Back when men were real men, women were real women, and the Minnesota Vikings were as crazy as the real vikings.

1969, halftime show at a Vikings game: “More than 40,000 watched in disbelief as a hot air balloon carried an 11-year-old boy over the light towers, and eventually dumped him in the icy Minnesota river.”

Wait… WHAT? ?

It was, indeed, a tough act to follow. They say don’t mess with Texas, but I don’t know if anyone outside of sub-Saharan Africa or historical Sparta ever treated children with such blithe indifference for their survival as Minnesotans of a certain era did. I was awarded the Zero Hero patch as a 11-year-old Boy Scout, which involved being given a saw, a sleeping bag, a box of matches, a pound of hamburger, and a loaded .38 revolver and being abandoned in the wilds of Northern Minnesota for 24 hours in sub-zero weather. Sub-zero Fahrenheit, to be clear.

No tent, no flashlight, no company.
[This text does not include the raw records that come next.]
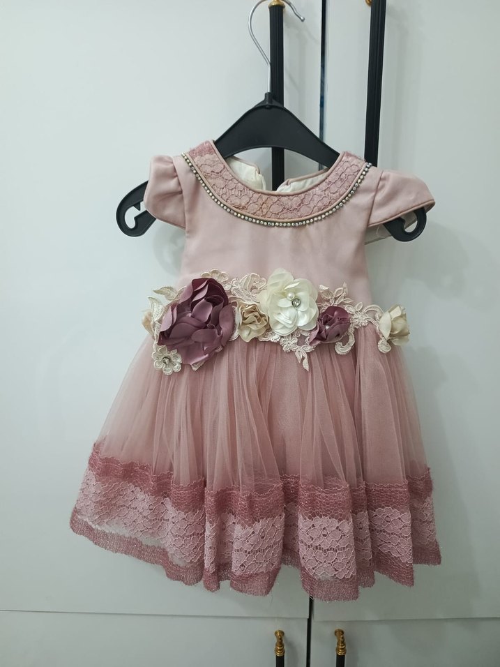 Dantel Detaylı Pembe Kız Çocuk Elbise
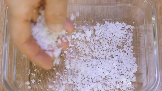 밀폐용기를 준비한 후 소금을 아래 부분에 깔아 주세요. 소금은 습기를 흡수하기 때문에 아래에 깔아 놓으면 깐 마늘을 더욱 오랫동안 보관하실 수 있답니다.
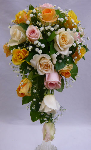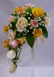 オレンジ・淡オレンジ・イエローローズキャスケードブーケ |
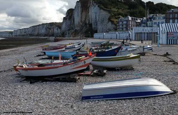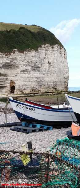 The beach is very similar to Etretat with white pebbles a high cliff and fishing boats on the beach. Plus some beach huts there is a car park on the sea front.
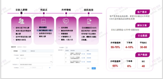 例如,今年618期间,慧博科技某美妆品牌客户,基于慧博慧博云千载数据中台监测到最近上的新品下单的趋势增强,基于该部分兴趣人群的筛选,通过618这个大促契机,以“满300减50 热门商品买一送一”等利益点进行智能AI外呼触达+挂机短信提醒,下单率提升6%。
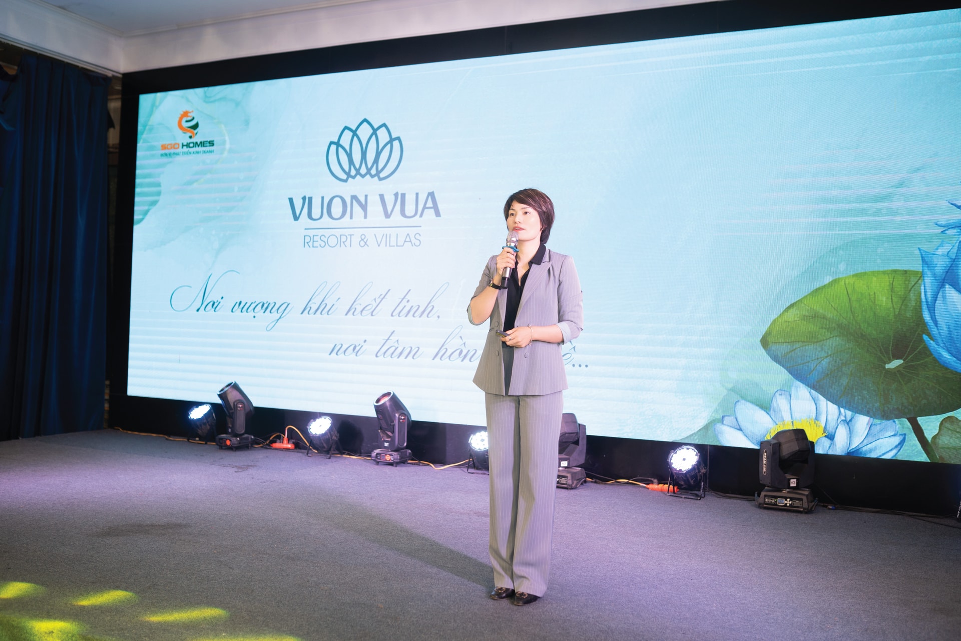 Bà Trần Thị Lệ – Trưởng ban Kinh doanh SGO Homes chia sẻ về chính sách bán hàng Bất động sản tại Vườn Vua Resort & Villas
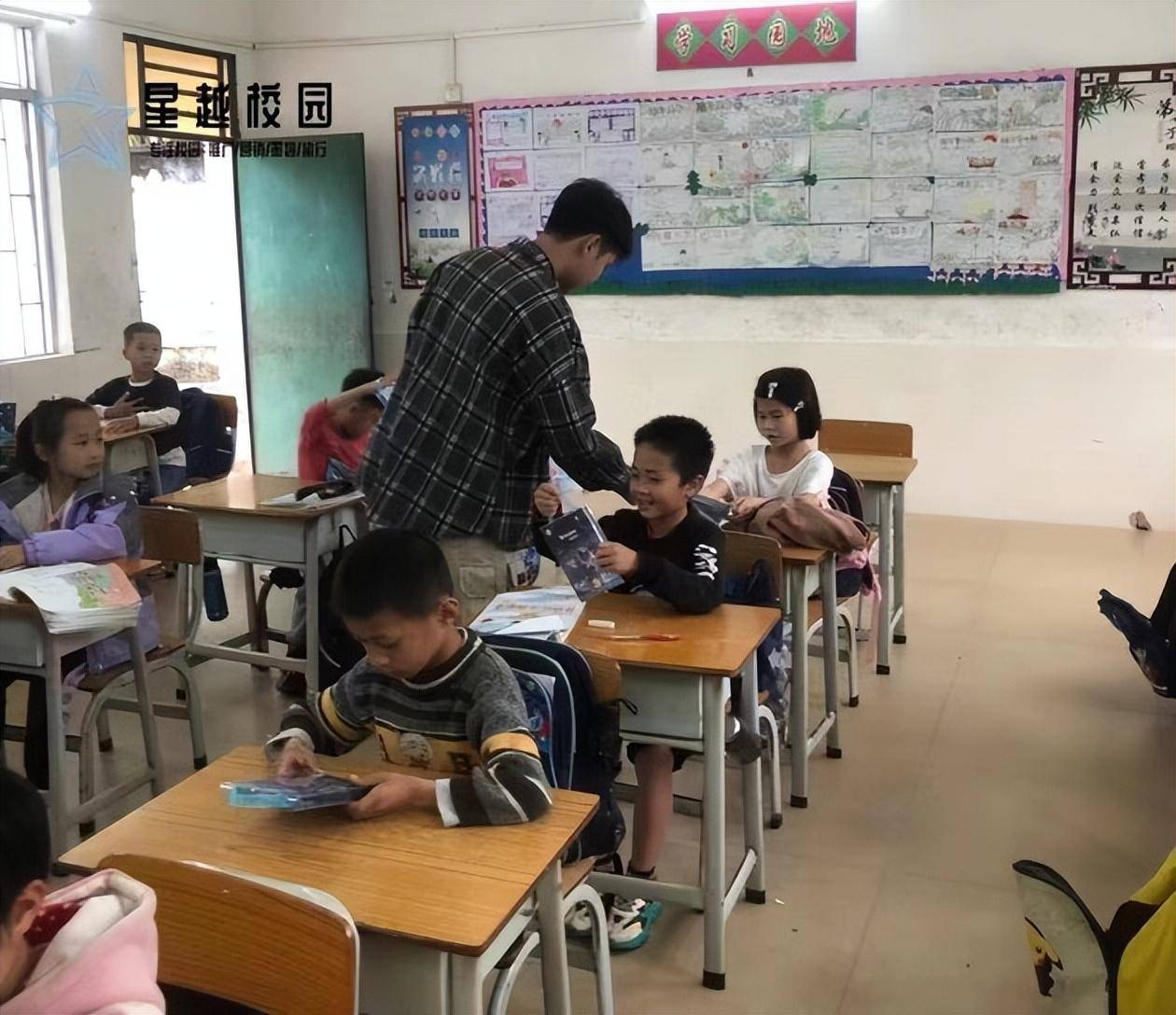图:大窝岗学校的孩子们 在学校里,仍有许多家庭困难的孩子共用同一个作业本,同一组文具,同一本书籍。一套文具,一本属于自己的书籍,是许多交不起书本费的孩子梦寐以求的东西。在获得星越校园所赠与的文具与书籍时,孩子们都露出了开心的笑容。
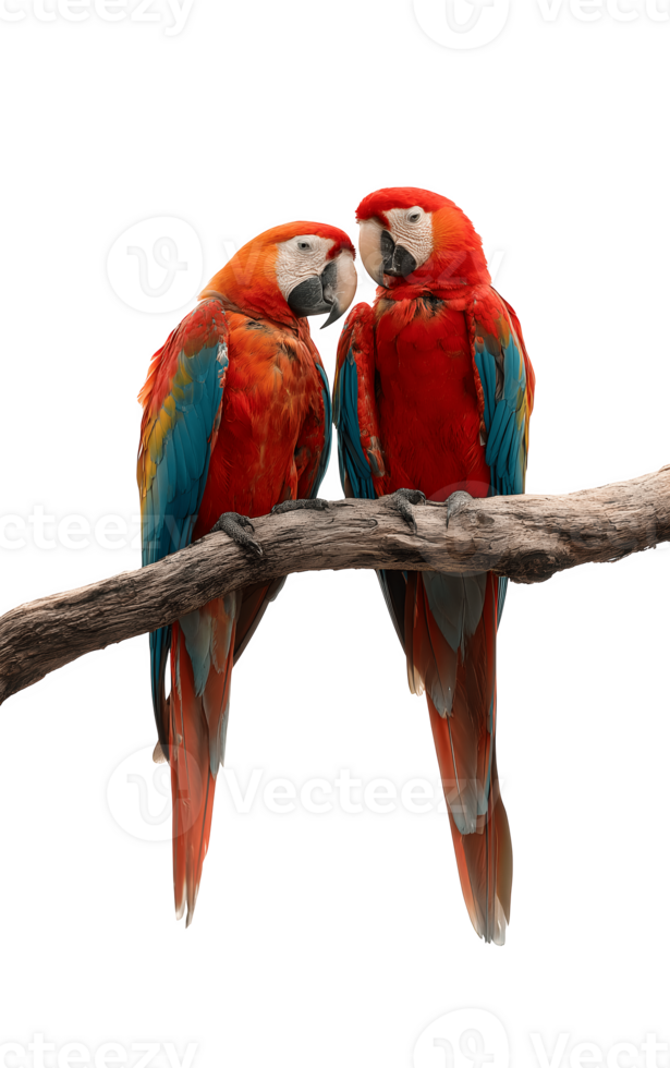 Romantic Pair of Macaws Resting on a Branch, Displaying Affection Pro PNG
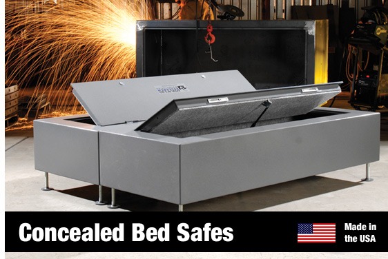Nevermind the rug in that photo above. It’s a technique used to cover up the blood spray after you’ve blasted an offending intruder across the floor with your two Mossberg 930’s. How did you get to them so fast? Simple. They’re stored in your bedframe – the BedBunker – locked away, hidden from those interested in stealing your stash and a mere 10 seconds from unlock, cock and two smoking barrels.
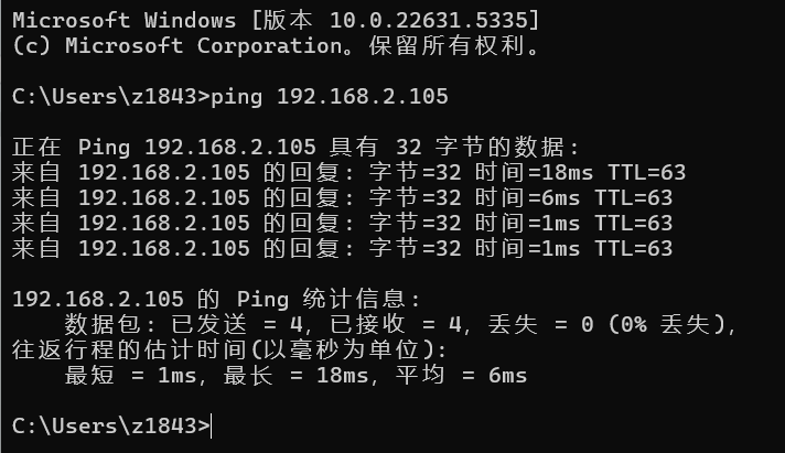 输入:ping 192.168.2.105,回车,如下图所示表示网络已打通。
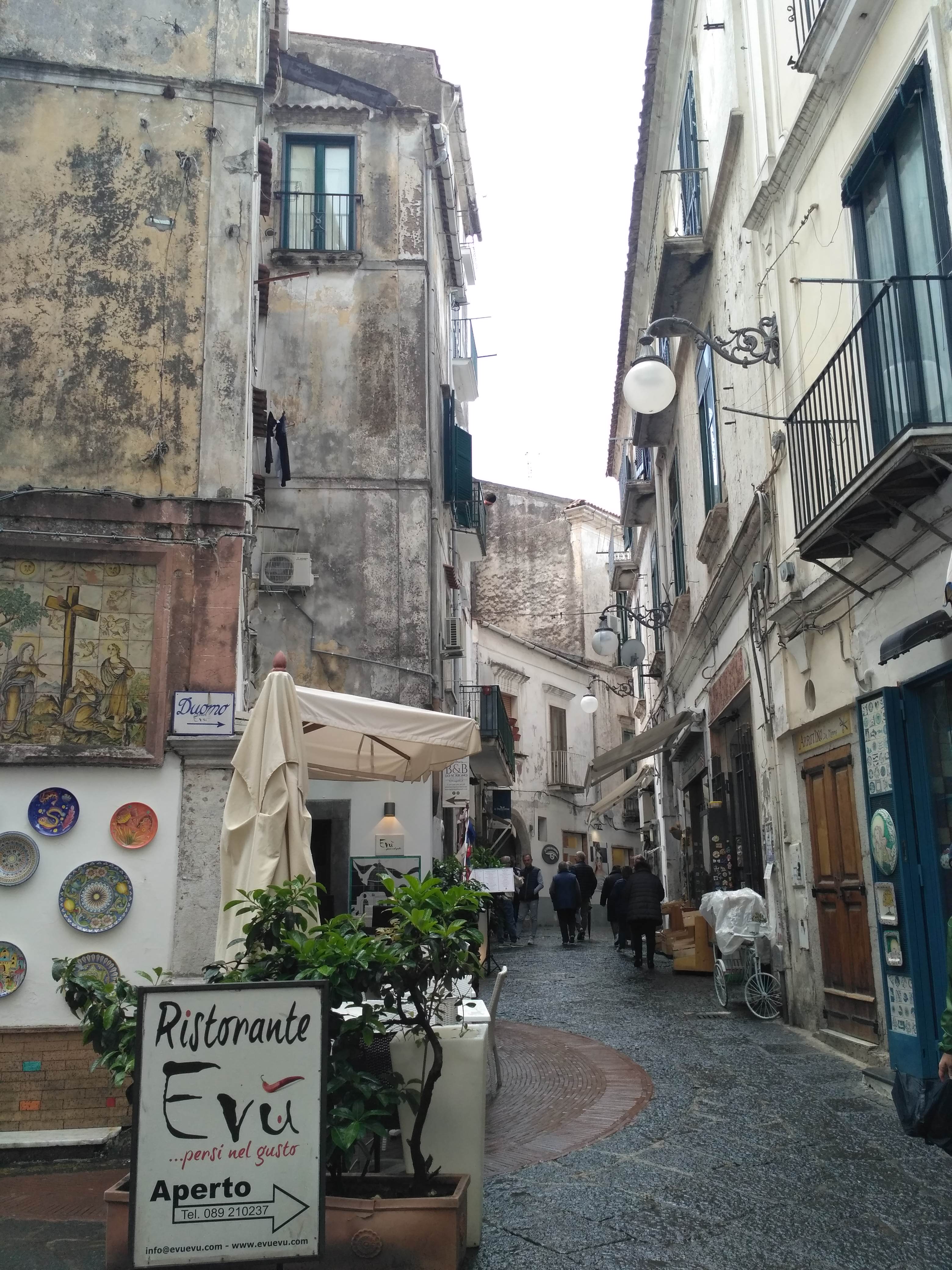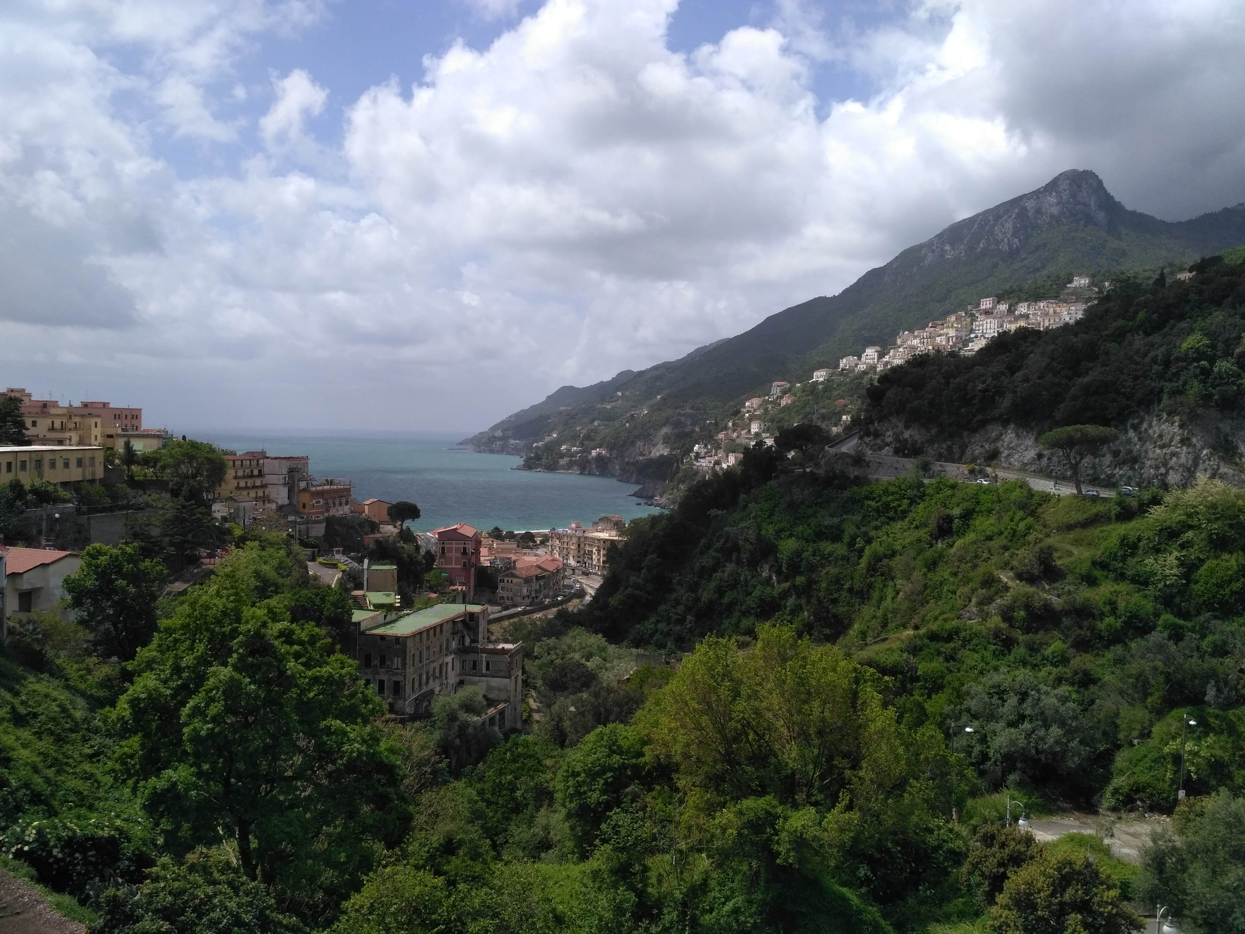 Tramonti jest dobrą lokalizacją dla osób chcących odwiedzić Wybrzeże Amalfitańskie. W miejscowościach nadmorskich kwatery są znacznie droższe, do tego dochodzi problem z parkowaniem – brak jest darmowych miejsc, a parkingi są drogie (nawet do 3-5 EUR/h). Mimo, że byliśmy przed sezonem, to w głównych miejscowościach jak Amalfi mieliśmy problem ze znalezieniem wolnego miejsca. Przy ładnej pogodzie, a zwłaszcza w wakacje są tu podobne straszne tłumy, a jedyna droga łącząca miejscowości na wybrzeżu jest zakorkowana. Dlatego miejscowi polecają wybranie wycieczki łodzią i podziwianie wybrzeża z morza. Podczas naszego pobytu do tej opcji zniechęciła nas nienajlepsza pogoda i duże fale, które na pewno wywołałyby u mnie i u Janka chorobę morską.
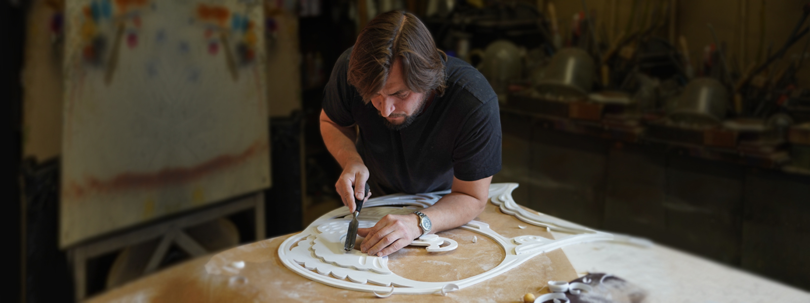 – Если говорить о сценографии, то главным элементом у нас будет блюдце, утопленное в песок. В оформлении спектакля у нас много таких «блюдец» с характерной для всё той же Архангельской губернии росписью по краям. Часть из них – это своего рода экраны, на которых будет проекция.
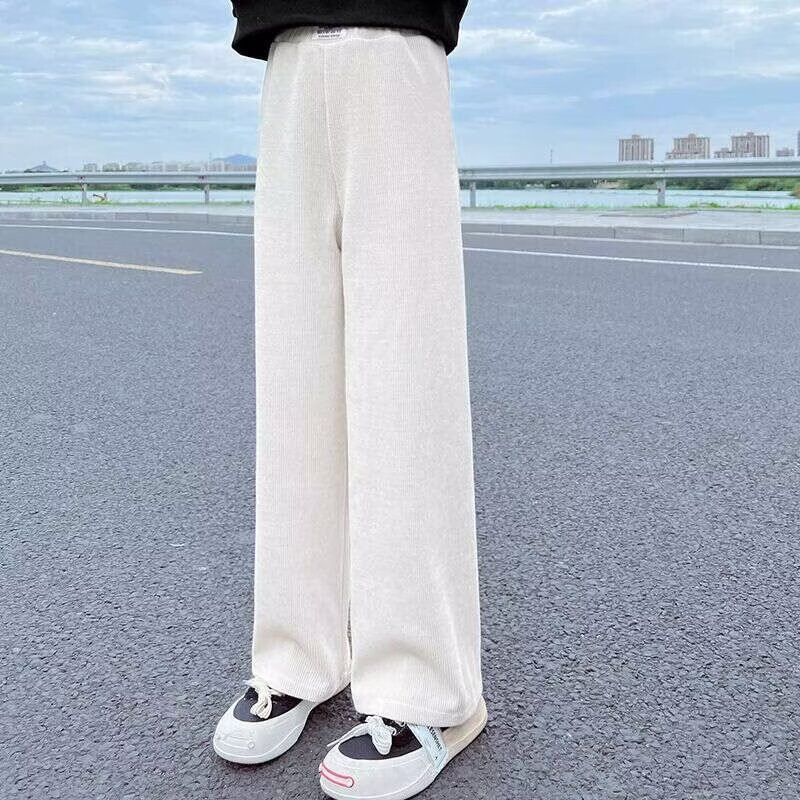 여자 바지 서양식 야외 캐주얼 스트레이트 와이드 레그 바지 어린이 겨울 옷 중 큰 어린이 소녀의 가을과 겨울 기모 바지스토어 가기
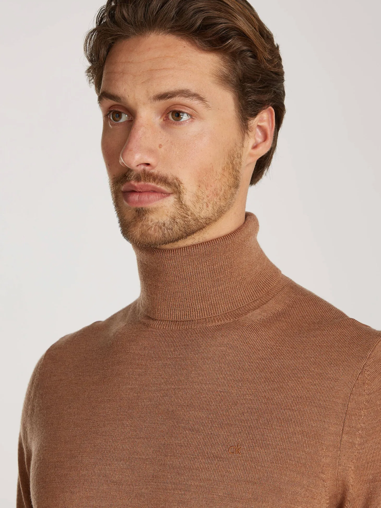 CALVIN KLEIN präsentiert den zeitlosen Rollkragenpullover in glatter, weicher Wollqualität.
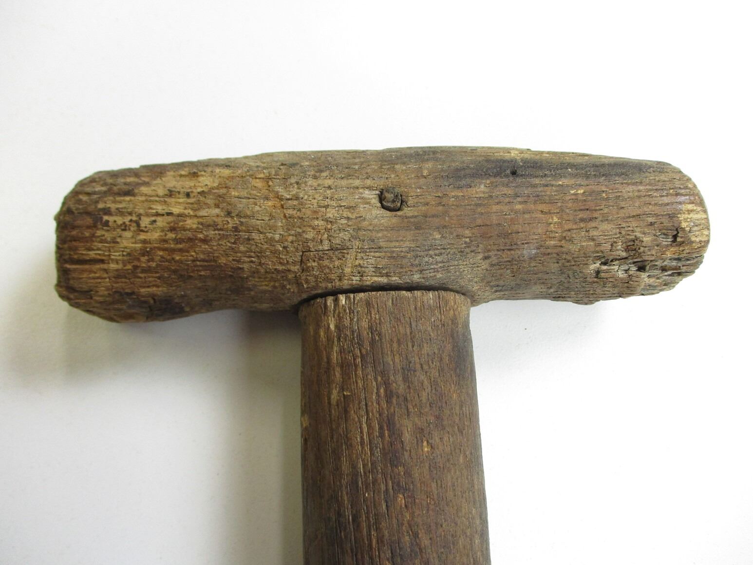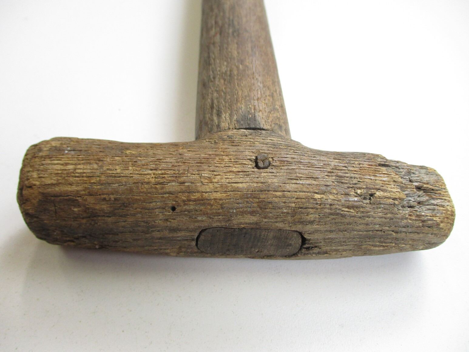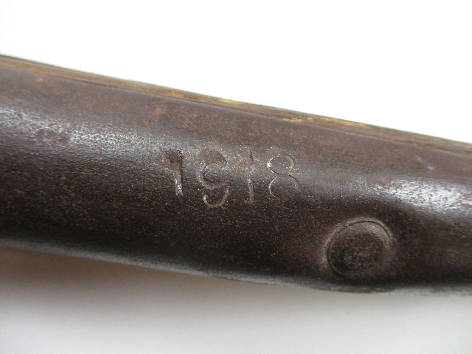 WWI BRITISH MILITARY SHOVEL , (1) METAL SHOVEL HEAD WITH WOODEN T-HANDLE, SHOVEL HEAD MARKED: "1918" & "J.YATES & CO., BIRMINGHAM" WITH OTHER WORN MARKINGS, WOODEN HANDLE HAS CRACK IN IT, CONSIGNOR HAS PROVIDED COPY OF ENGINEERING DRAWINGS, APPROX. 37" H X 8" W. SEE PHOTOS.

Should probably get your lean-to built before it gets dark, ya know. And if anything goes wrong, just fire three shots in a row. We should be able to hear you from the cabin. Good luck, kid!

I don’t think they have the Zero Hero in Florida. Frankly, if it weren’t for the patch – a polar bear on a light blue background – I’d wonder if I was remembering it all correctly.